Listed entries section start

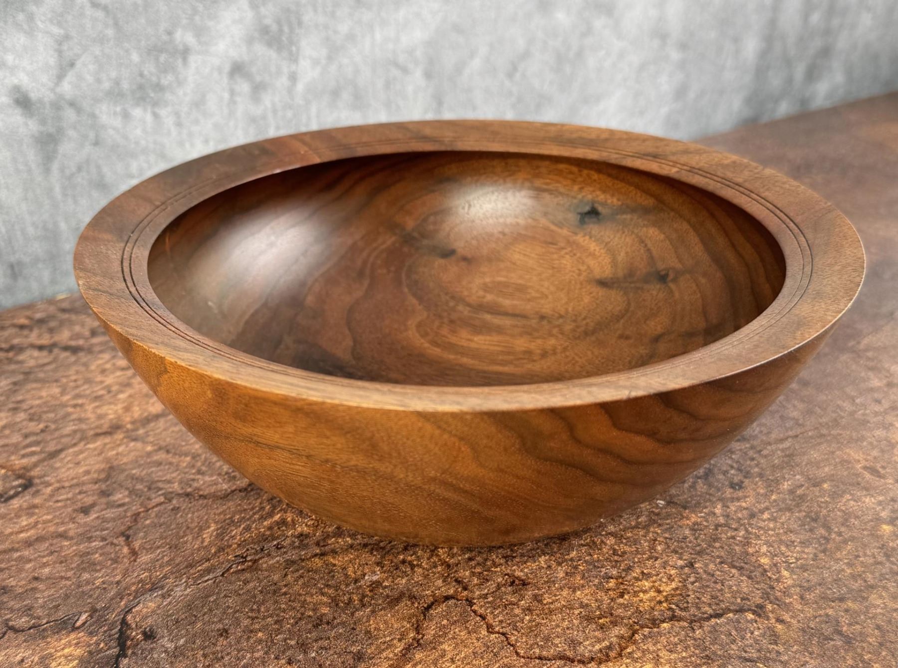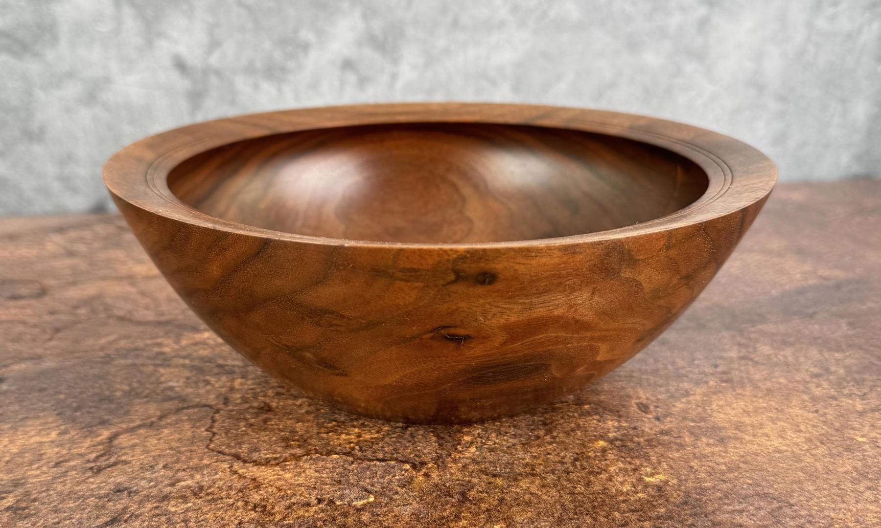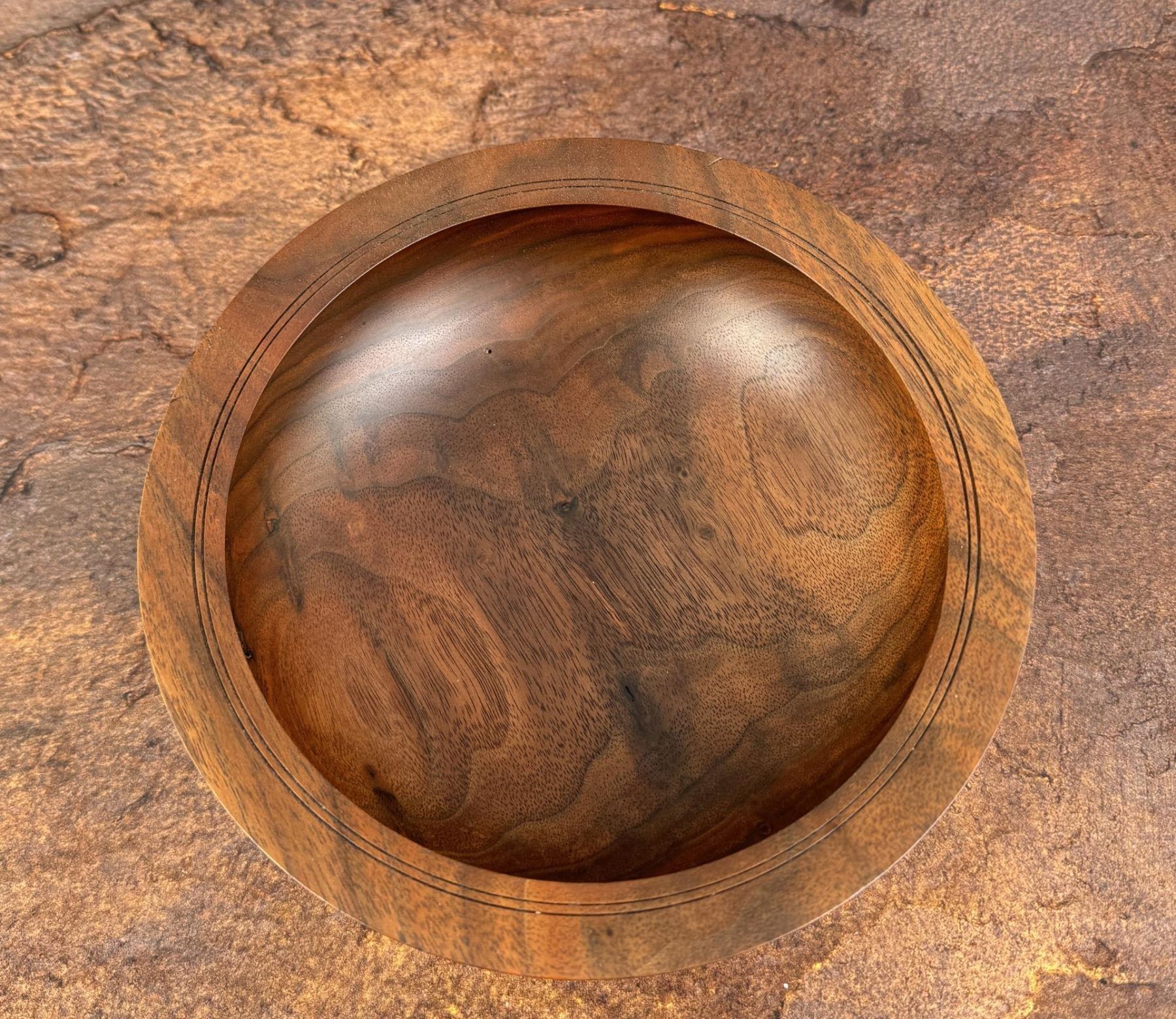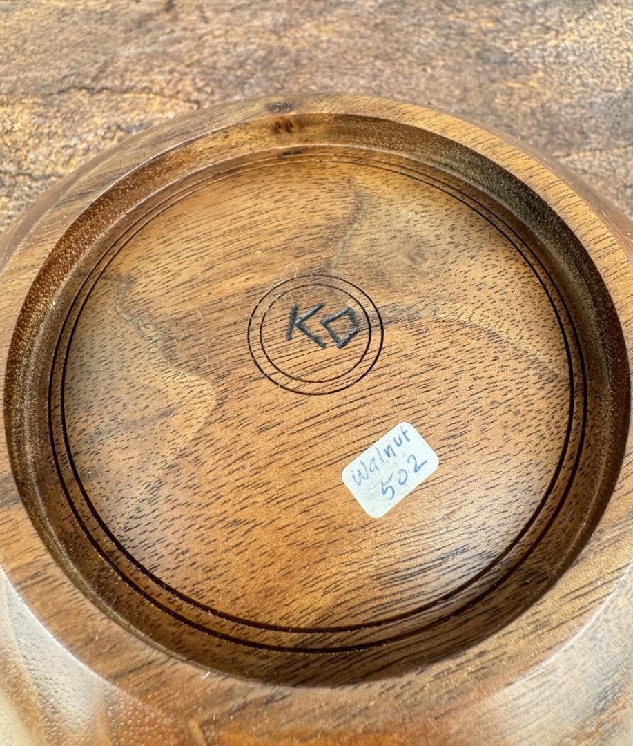 8 1/8" in diameter, 2 7/8" tall. Signed KO.
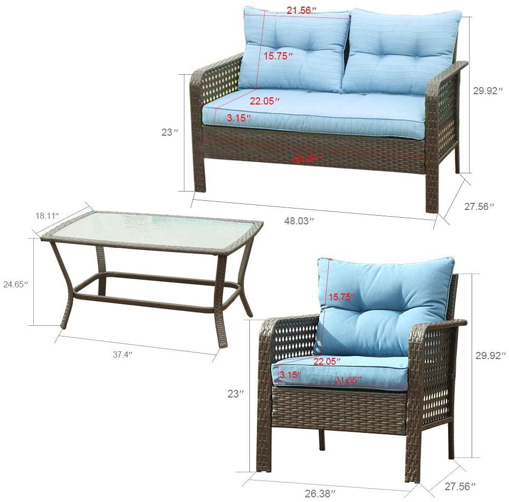 - Sturdy& Durable:Built with strong galvanized steel frame ,which can hold up to 300 lbs/PE rattan wicker performed very well in high tensile strength, water and UV resistance to fit all-weather condition/ Tempered glass for coffee table allows you to place drinks,meals on top. All these designed for a long time use.
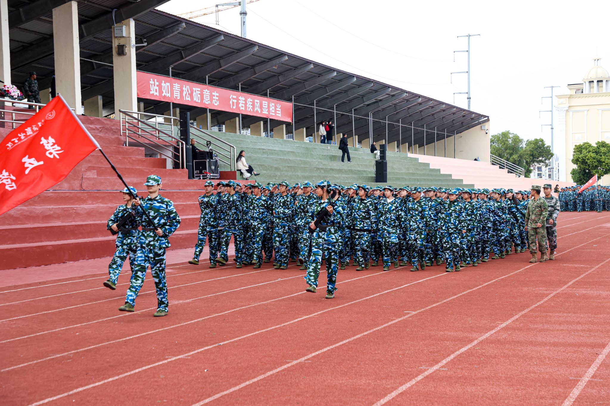 升旗仪式后,分列式表演正式拉开帷幕,各营方阵迈着铿锵步伐通过主席台,声声宏亮的口号彰显着江服学子牢记使命、奋发有为的坚定决心。
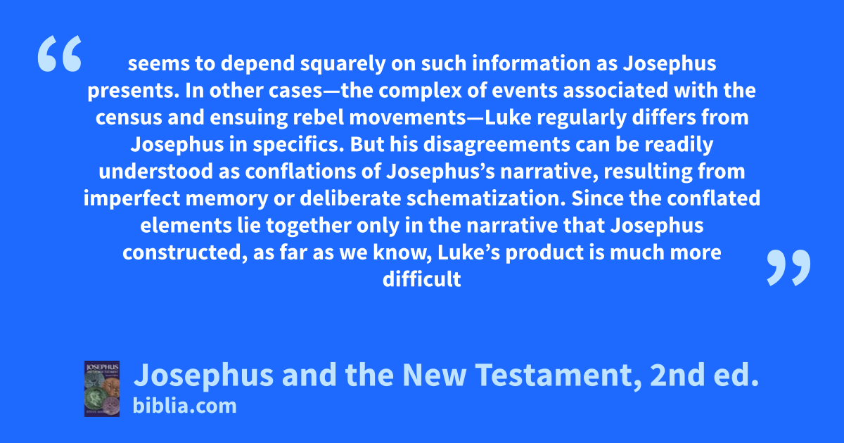 seems to depend squarely on such information as Josephus presents. In other cases—the complex of events associated with the census and ensuing rebel movements—Luke regularly differs from Josephus in specifics. But his disagreements can be readily understood as conflations of Josephus’s narrative, resulting from imperfect memory or deliberate schematization. Since the conflated elements lie together only in the narrative that Josephus constructed, as far as we know, Luke’s product is much more difficult
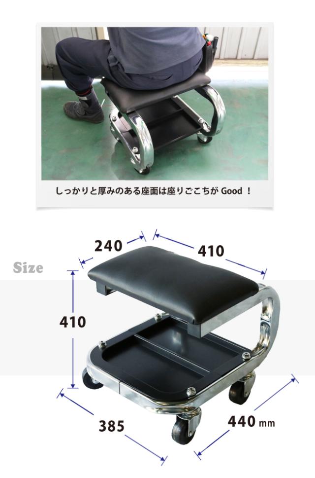 中腰状態での軽作業をラクにサポート! ●低い姿勢の作業に便利な作業椅子です ●長時間の作業時に疲労を軽減させます ●底面のトレイに工具などを置けるので、作業性も抜群です ●便利な缶ホルダー付き ●40mm角パイプフレームを使用した強固な造り ●クロームメッキ仕上げのクールなデザインです ●しっかりと厚みのある座面は座り心地もGood!! ●キャスターも大きめの物を使っており、しっかりとしています ※この商品はお客様組立てとなります(所要時間10分程度) *入荷時期により若干の仕様変更が御座いますのでご了承ください ★作業用シートはこちら 品番:MS-3 |
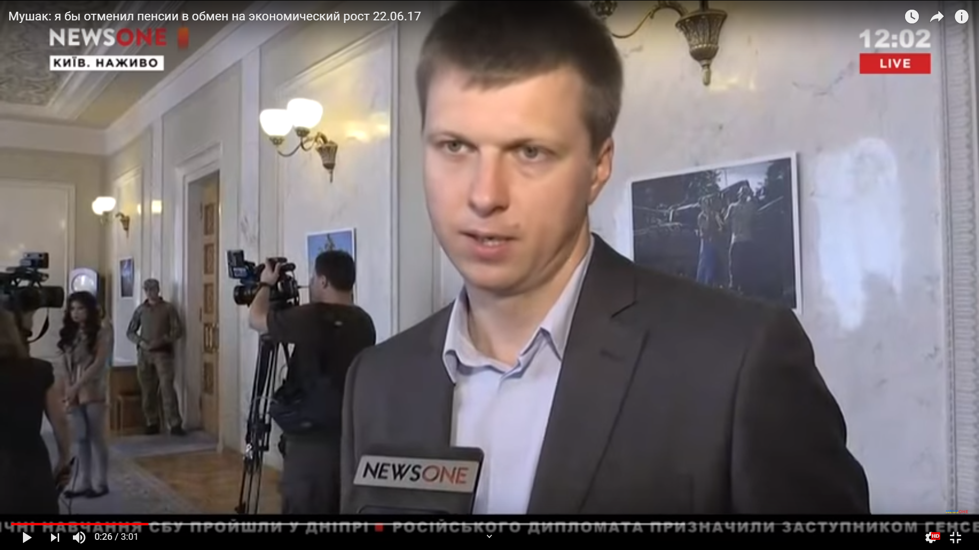 У прямому ефірі NewsOne під час перерви в засіданні Верховної Ради радник прем’єр-міністра з економічних питань Олексій Мушак зробив скандальну заяву з приводу пенсійної реформи.
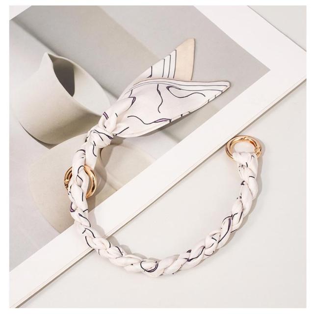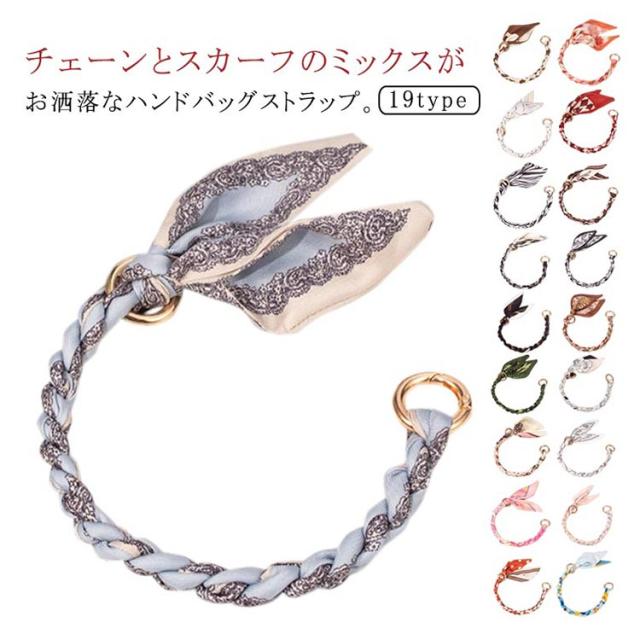 | チェーンとスカーフのミックスがお洒落なハンドバッグストラップ。 手持ちのバッグに付け替えるとあっという間に違うバッグに大変身! ショルダーが付け替え可能なハンドバッグやトートバッグ、手提げバッグなどにお使いいただけます。 | |
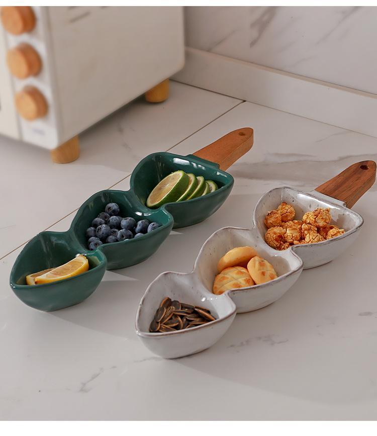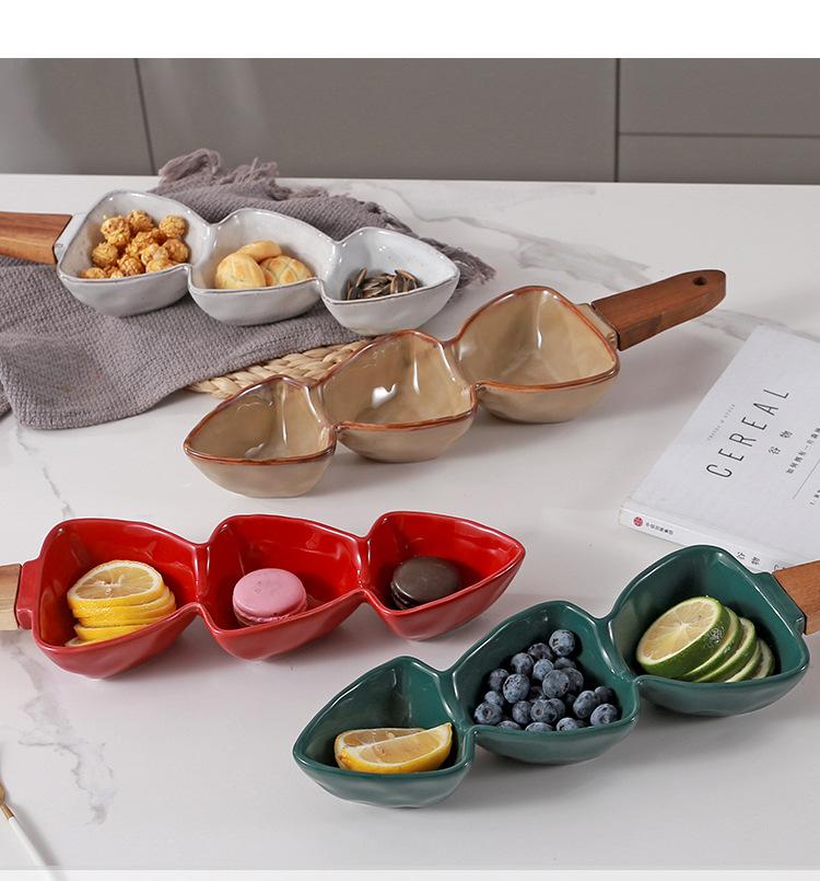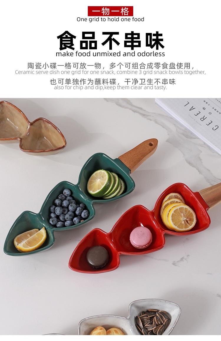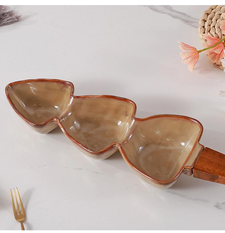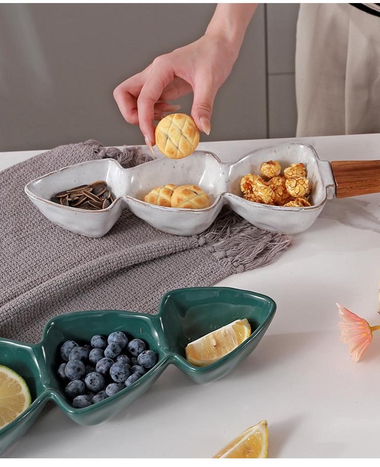 Nuevo Plato Dividido de Cerámica Creativo para Uso Doméstico con Asa de Madera Plato de Cerámica para Frutos Secos Productos de Cerámica Navideños
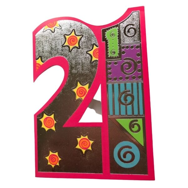 material card height 185cm length 135cm design cut out spiral spotted stripe detail contents 1 envelope occasion 21st birthday
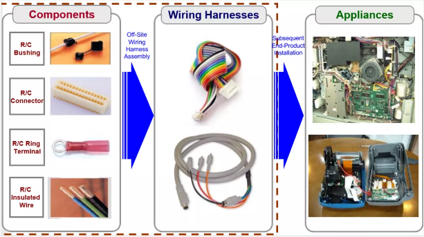 線束的組裝是線束生產商根據成品制造商所提供的組線圖面、工程圖或其它規格書進行的,成品制造商會詳細注明組裝線束時所需的構成組件(Construction Element)和零部件要求。
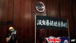 大批示威者戴上頭盔﹐手持自製盾牌在星期一晚已經衝入香港立法會議事廳﹐並且破壞不同設施。據CNN有線電視新聞網的報導說﹐在場的示威者投票通過於午夜撤離立 法會。
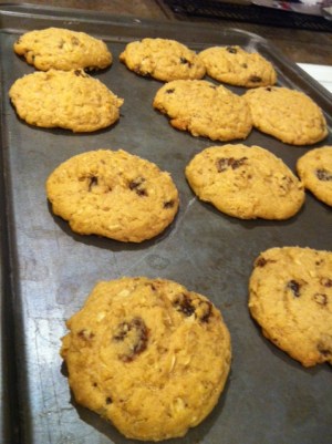 Bake at 350 for 8-11 minutes. Mine were perfect at 9 minutes. Watch for slight browning around the very edges. As soon as you see that, get them out of the oven. They will seem undercooked in the center but it is essential that you get them out at this point so you can enjoy that super moist cookie instead of a crunchy one. They will continue to cook and set once they are out of the oven. Wait 2-3 minutes before removing them from the cookie sheet. Cool on cooling rack. Be sure to taste your first one warm out of the oven… mmm…. so yummy!
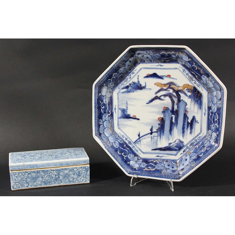painted in the imari palette with figures on a bridge beside rocks and pine trees, diameter 31.5cm; together with a Chinese blue and white box and cover and a blanc de chine dehua style figure, height 44cm (4)
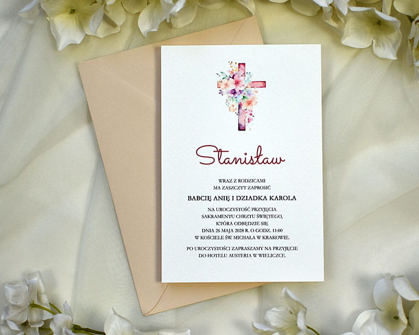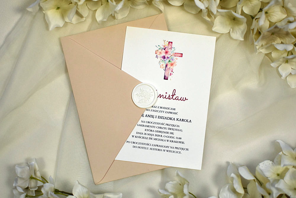 Urokliwe i niebanalne zaproszenie na Chrzest Święty lub Komunię Świętą. W zależności od potrzeby każde zaproszenie możemy dostosować do uroczystości Chrztu lub Komunii. W przypadku zaproszeń z ozdobnym wiankiem - w środku można umieścić krzyżyk, inicjał dziecka lub napis IHS i w ten sposób zmienić charakter papeterii.

Listed entries section end

- **Work order**:
Please reproduce the entries above exactly, from their first line to the line holding "- Sturdy& Durable:Built" inclusive, and nothing else; the pictures stay out.

- **Written response**:
 8 1/8" in diameter, 2 7/8" tall. Signed KO.
 - Sturdy& Durable:Built with strong galvanized steel frame ,which can hold up to 300 lbs/PE rattan wicker performed very well in high tensile strength, water and UV resistance to fit all-weather condition/ Tempered glass for coffee table allows you to place drinks,meals on top. All these designed for a long time use.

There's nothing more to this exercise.